Background: While self-control has often been related to positive outcomes in life such as higher academic achievements and better health, recent insights reveal that people with high trait self-control (TSC) may even experience greater life satisfaction or happiness.
Objective: The current study further scrutinizes this potential association between TSC and happiness, and examines how regulatory focus, defined as the way people frame and direct their goal pursuit strategies, plays a role in this relationship. Accordingly, the present study examines the mediating role of regulatory-focus (promotion and prevention focus) on the relationship between TSC and happiness.
Method: Data was collected from 545 individuals (65.9% female, M age = 27.52 years) regarding their TSC, regulatory focus, and happiness.
Results: Mediation analyses demonstrate that TSC positively predicts happiness, while this effect was partially mediated by relatively more promotion focus and less prevention focus.

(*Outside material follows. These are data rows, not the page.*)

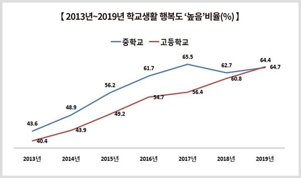 학교생활 행복도는 중·고등학교 모두 64% 이상으로 중·고등학생 간의 격차가 없어졌다. 64%는 2013년과 비교했을 때 중학교 20.8%p, 고등학교 24.3%p가 증가한 수치다.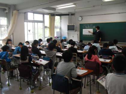 教室では、5年生が算数の勉強をしていました。「4日間に○周走った子どもと5日間に△周走った子ども。さて、どちらが多く走ったのでしょう。」を様々に考えています。子どもたちの発想はなかなか柔軟です。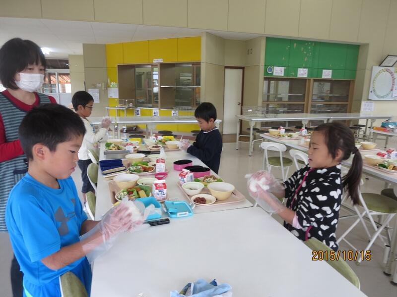 今日は、「弁当に詰める活動」の日でした。給食の献立も、弁当の内容にしていただき、子どもたちは持ってきた自分の弁当に詰めたり、ご飯をおにぎりにしたりと楽しそうに取り組んでいました。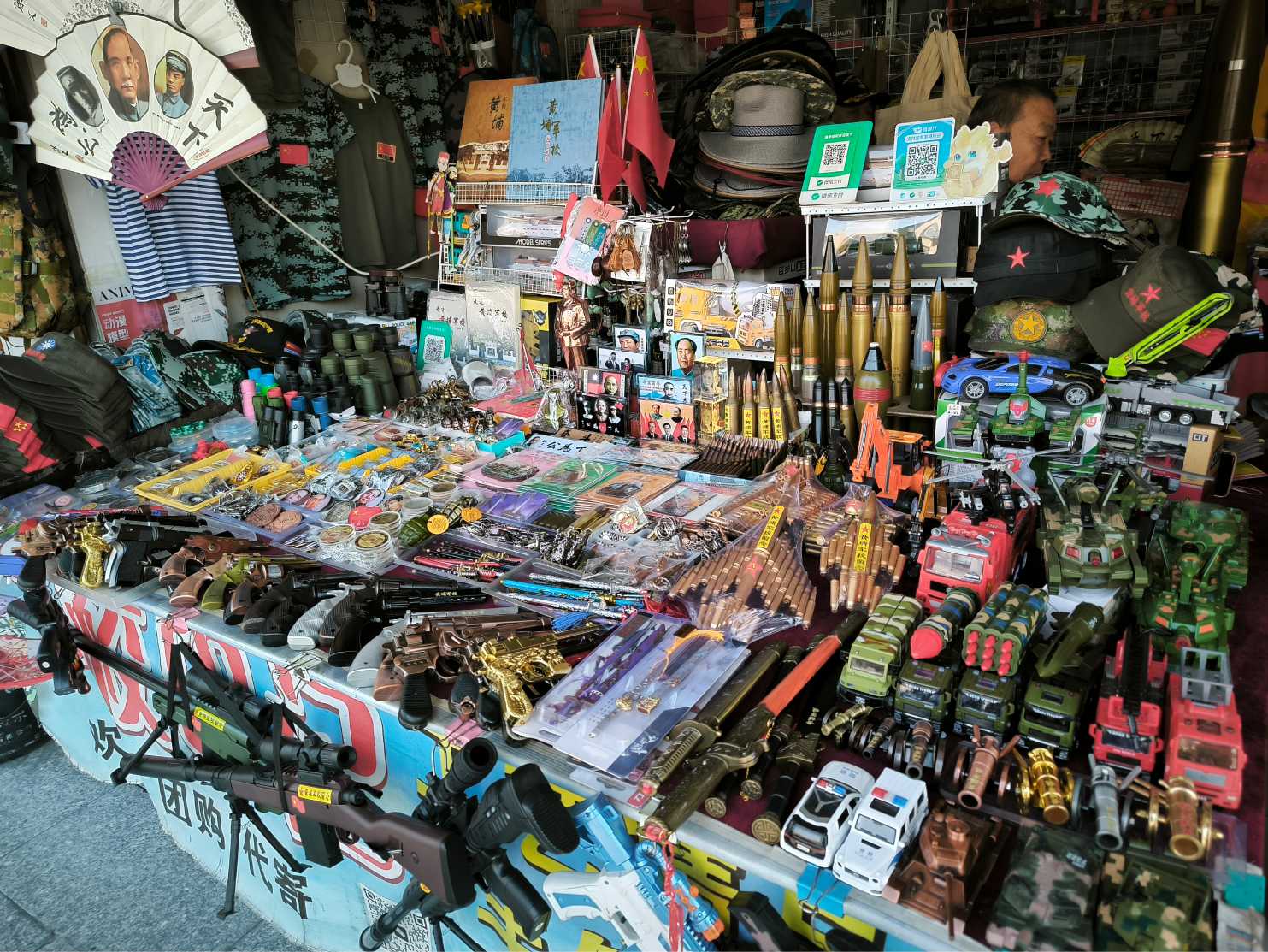 沿途有好多售賣軍事玩具的商店 |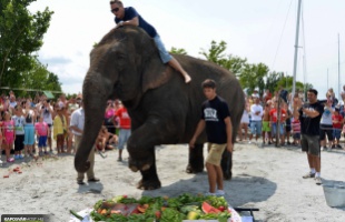 A Magyar Nemzeti Cirkusz elefántja, Szandra volt a sztárvendége az egyik balatonlellei yacht club strandnak. Gönczi Gábor és Tatár Csilla...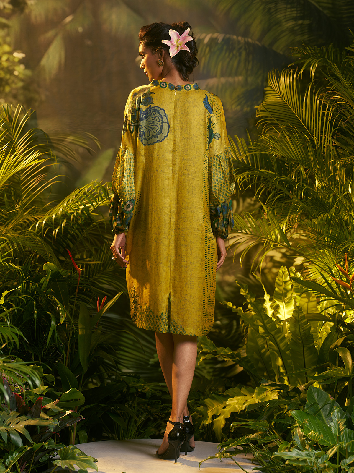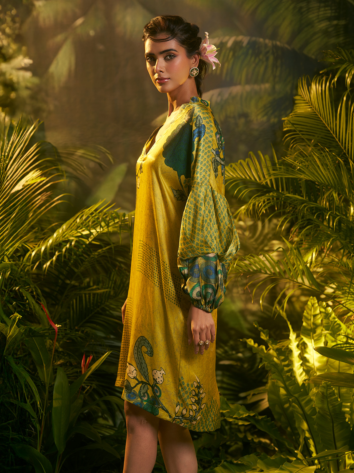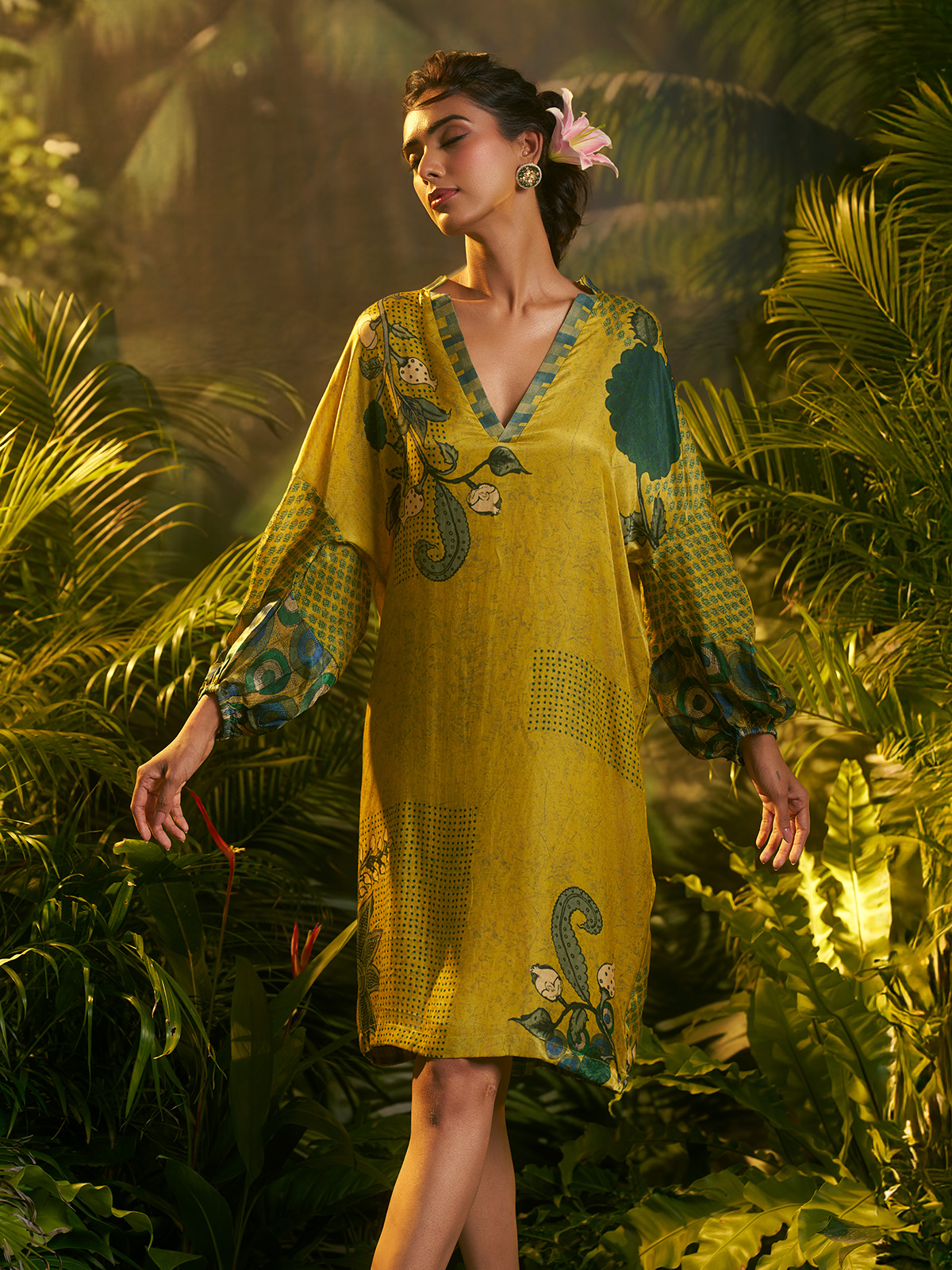 Golden dawn awakens in this lime yellow crepe silk kurti, crafted with soft prints that echo freshness. The V-neckline paired with quarter sleeves offers a refined balance of comfort and style, perfect for casual gatherings and serene everyday elegance.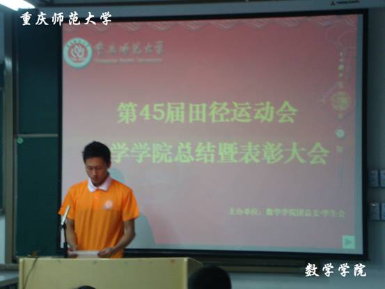 2010年4月16日中午1点整,数学学院在宏德楼5101隆重举行了PA视讯官网第45届运动会数学学院总结暨表彰大会。本次会议得到学院领导的高度重视。我院党总支书记何大海老师、院长金渝光老师、团总支副书记李鑫老师、辅导员王雪颖老师、曾庆芳老师莅临现场。出席此次会议的还有全体运动员及主要学生干部。会议由团总支副书记李鑫老师主持。

Conclusion: RESULTS suggest that people with higher TSC are happier possibly because they are: (1) more promotion-focused on acquiring positive gains thereby facilitating more approach-oriented behaviors, and (2) less prevention-focused on avoiding losses thereby reducing avoidance-oriented behaviors. These findings are relevant for topical scientific debates regarding the underlying mechanisms of self-control regarding initiatory and inhibitory behaviors.
Keywords: happiness; prevention; promotion; regulatory focus; trait self-control.